Is it true that page faults may lead to extra instruction count when using INST_RETIRED.ANY?

Tokponnon__Parfait · ‎11-13-2016

I run exactly the same portion of user code twice and I noticed the two numbers do not match. The second count is always lesser than the first.

Some said on the web that each exception or interrupt count as an extra instruction but it is not mentionned anywhere in the intel software development manuel.

is this true?

This is my config:

set MSR_PERF_GLOBAL_CTRL = 1<<32
set MSR_PERF_FIXED_CTRL  = 0x2
CPU core i5

McCalpinJohn · ‎11-18-2016

My interpretation of the information in the SW developer's manual is that interrupts and exceptions should generate some instructions in user mode before the transition to kernel mode. (But I could certainly be wrong....)

My interpretation is based on combining information from two places in the SWDM:

Section 18.2 of Volume 3 of the Intel Architectures SW Developer's Manual (325384-059) says that the OS flag (bit 17 of each performance counter event select register) "specifies that the selected microarchitectural condition is counted when the logical processor is operating at privilege level 0."
See the general discussion of interrupt/exception handling in Section 6.4 of Volume 1 of the Intel Architectures SW Developer's Manual (253665-059). Changes in privilege levels are discussed in Section 6.3.6, where execution at the new privilege level does not begin until step 8.

Additional information on protection and privilege levels is available in Chapter 5 of Volume 3 of the Intel Architectures SW Developer's Manual (325384-059).

There is also a lot of activity associated with starting up a process, including loading dynamically-linked libraries, that may have been pushed into user space. It is easy to imagine different user-space code paths being executed when these libraries are cached in memory vs the first execution when they are (presumably) not cached in memory. (I would expect most of the extra code to be in the kernel, but the amount in user space may not be negligible.)

For repeated executions of the same binary I would expect the number of data page faults to be the same (since the TLBs are typically flushed between processes), but there is a lot of complex software infrastructure there that very few people understand (and I am certainly not one of those people).

For repeated executions of the same binary the text page faults required for the first execution will typically go all the way to disk, while the text page faults for the second execution should find the text pages in the filesystem cache. Again, many number of layers of software are involved, and it would take a fairly significant effort to understand the interactions of repeated invocations of these software layers with the HW.
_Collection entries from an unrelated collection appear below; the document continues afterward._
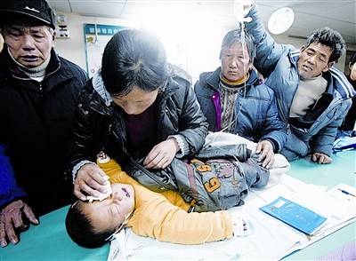 昨晨7時許,洪湖市沙口鎮(zhèn),王春華發(fā)現(xiàn)前幾天就精神萎靡的2歲兒子蔣志鵬臉色越加蒼白,遂在公公、婆婆和叔公的陪同下,于8時許將孩子送往沙口鎮(zhèn)衛(wèi)生院。
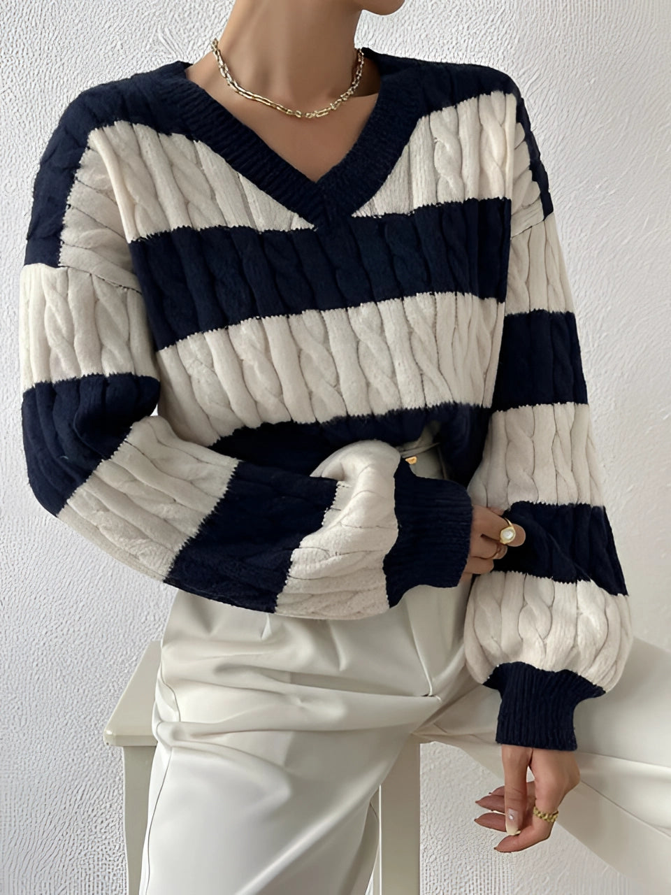 The Striped Cable Knit Women's Sweater in Brown Beige with Puff Sleeves and a Crewneck is a perfect blend of timeless elegance and modern style. This sweater, known as the Nerica Pullover, is designed to be a staple in any wardrobe, offering a classic look that never goes out of fashion. Available in two sophisticated colors, Marine Blue and Khaki, and a range of sizes from S to XL, it caters to a variety of style preferences and body types. The sweater is crafted from high-quality materials, ensuring not only a luxurious appearance but also exceptional comfort and warmth, making it ideal for the colder months. One of the standout features of this sweater is its timeless design, which allows you to maintain a stylish appearance regardless of changing fashion trends. Additionally, its versatility is unmatched; it can be elegantly paired with trousers or a skirt for a more formal look, or dressed down with jeans for a casual outing. This adaptability makes it suitable for any occasion, whether you're heading to the office or enjoying a weekend brunch. The Nerica Pullover is more than just a piece of clothing; it's an essential addition to your wardrobe that combines style, comfort, and versatility in one elegant package.
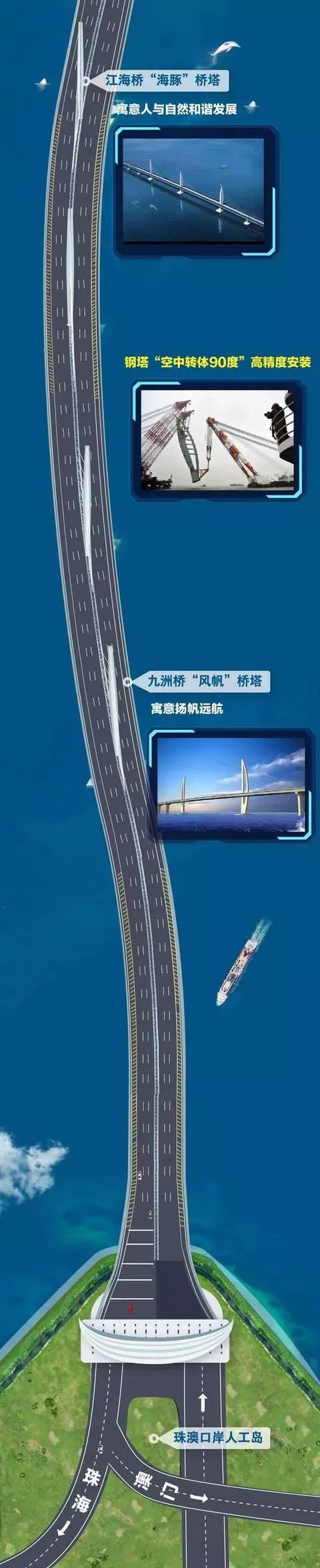 通車后,旅客從香港大嶼山口岸人工島出發,沿海岸一路前行12公里,就會抵達大橋東人工島,再穿越6.7公里海底隧道,即可上升到距離海面達50米、有著“中國結”美譽的青州橋上。之后,在海面上御風而行22公里,經過美麗的“海豚塔”江海橋和“風帆塔”九洲橋,抵達珠澳海濱。全橋跨海段總長42公里。
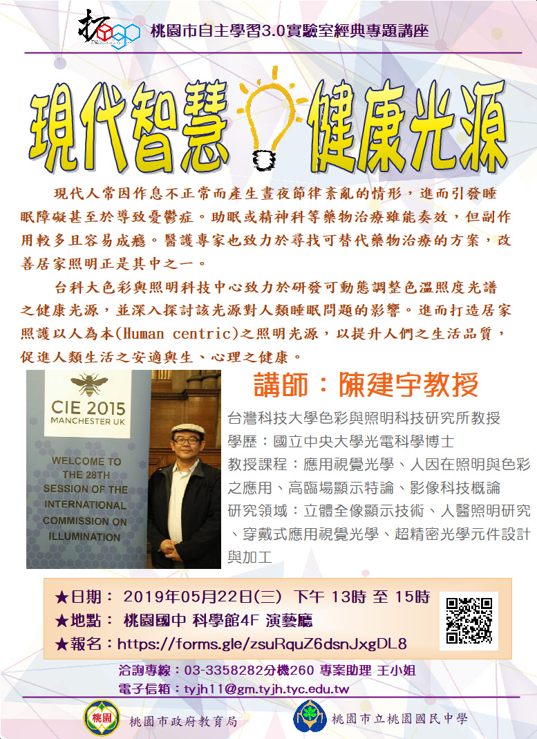 四、內容簡介:現代人因作息不正常而產生晝夜節律紊亂的情形,進而引發睡眠障礙甚至於導致憂鬱症。助眠或精神科等藥物治療雖能奏效,但副作用較多且容易成癮。醫護專家也致力於尋找可替代藥物治療的方案,改善居家照明正是其中之一。台科大色彩與照明科技中心致力於研發可動態調整色溫照度光譜之健康光源,並深入探討該光源對人類睡眠問題的影響。進而打造居家照護以人為本(Human centric)之照明光源,以提升人們之生活品質,促進人類生活之安適與生、心理之健康。

Tokponnon__Parfait · ‎11-19-2016

Thank you John for your explanation,
I agree with you that some library may be called before starting an actual user process;
However, as far as I know, it is up to the kernel to resort to those libraries according to the OS design.
So When I configure my counter in my kernel code, I can control which user path is taken after every interrupt (or exception) so that, as a system programmer, I must be able to count exactly how many instructions are executed in user mode.
Or am I wrong?

McCalpinJohn · ‎11-20-2016

Nothing is as simple as it looks....

If you consistently see different higher instruction counts for the first execution of a code (either a full code or a specific section of code), then you have demonstrated that the behavior is different. Figuring out why depends on a huge number of details that can't be put in a simple list -- you have to start with a clear statement of exactly what code is being executed, identifying exactly what kernel code may need to be executed in support of the user code, etc....